If you’re experiencing these symptoms and you don’t have an acute infection — or an infection that happens suddenly — or other sudden explanation, you may want to talk with a doctor or healthcare professional.

Several things can cause postnasal drip, and many of them are fleeting. But GERD can be caused by issues that require more medical attention, maybe even surgery.

The main symptom of GERD is heartburn. Although heartburn is common, frequent or persistent heartburn may be caused by GERD. Talk with a doctor or healthcare professional if you get heartburn more than twice a week.

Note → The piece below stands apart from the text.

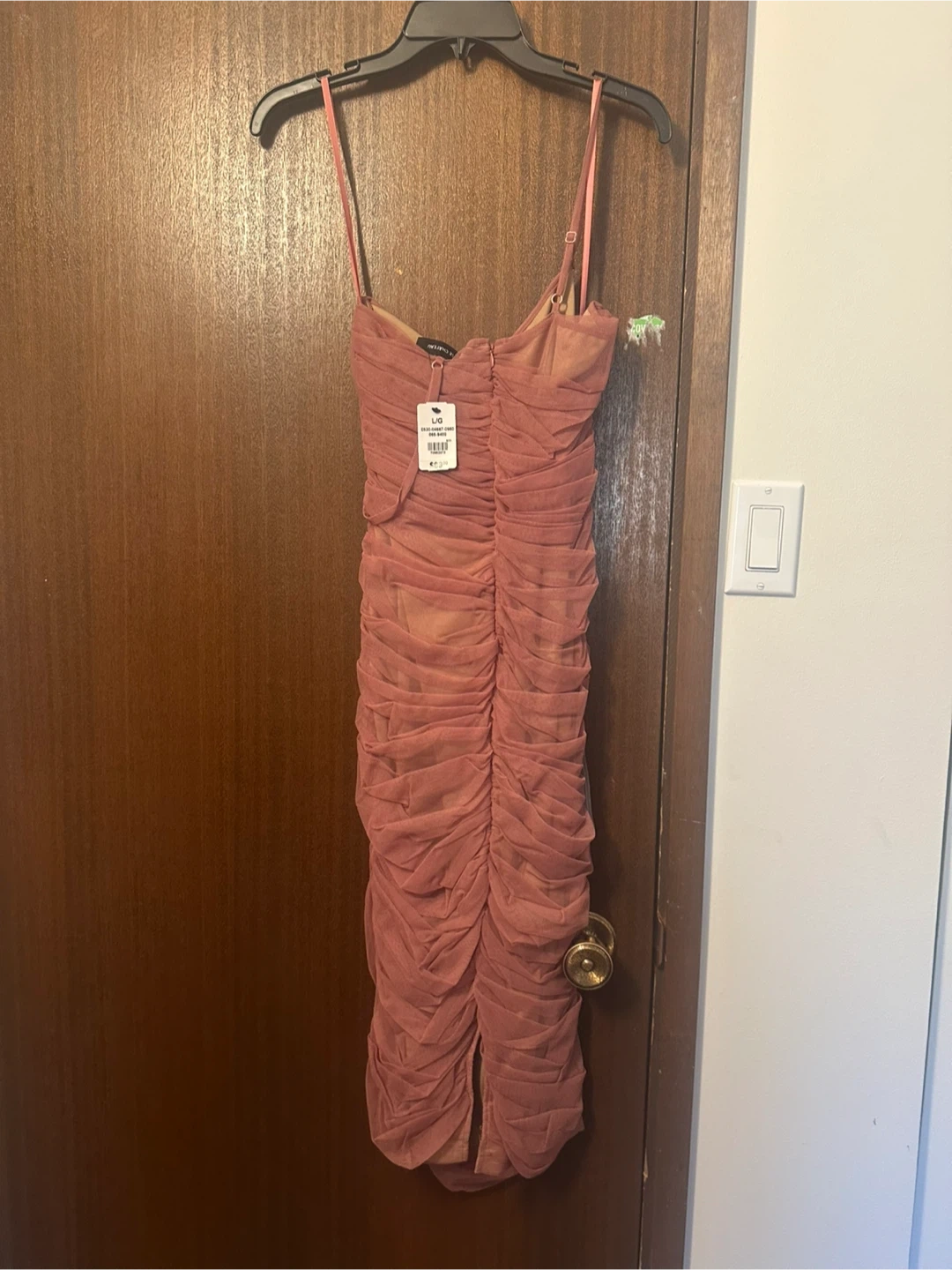 Selling a Le Chateau dress in a lovely mauve colour! It's a size L and features a beautiful ruched design. Originally bought for $89.00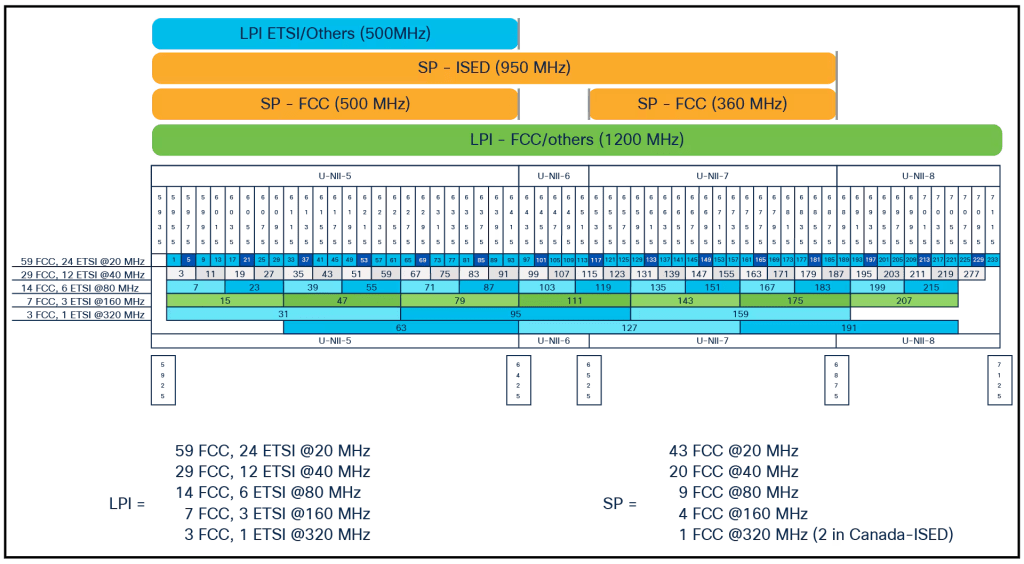 My guess to the reason why we don’t see this new width on the 5Ghz spectrum is that 320Mhz is almost the entire width of the spectrum. The 5Ghz spectrum is too small and there would only ever be a single channel for APs to fight over.

Your doctor or healthcare professional will do a physical examination and ask you about your personal and family medical history, as well as any medications you’re taking. Additional tests, like an endoscopy, may be needed to accurately diagnose the cause of your GERD or rule out other conditions that can affect the throat and stomach.

Many other conditions can lead to irritation in the esophagus or the overproduction of mucus or stomach acids. These include things like:

If you’re experiencing an overproduction of mucus, stomach acid, or both that’s leaving your throat feeling blocked or irritated, try making some simple changes like avoiding spicy foods and keeping your head elevated after you eat.

If home remedies do nothing to help your symptoms, you may want to schedule an appointment with your doctor or healthcare professional. There are a number of other conditions that can lead to reflux, as well as an overproduction of mucus.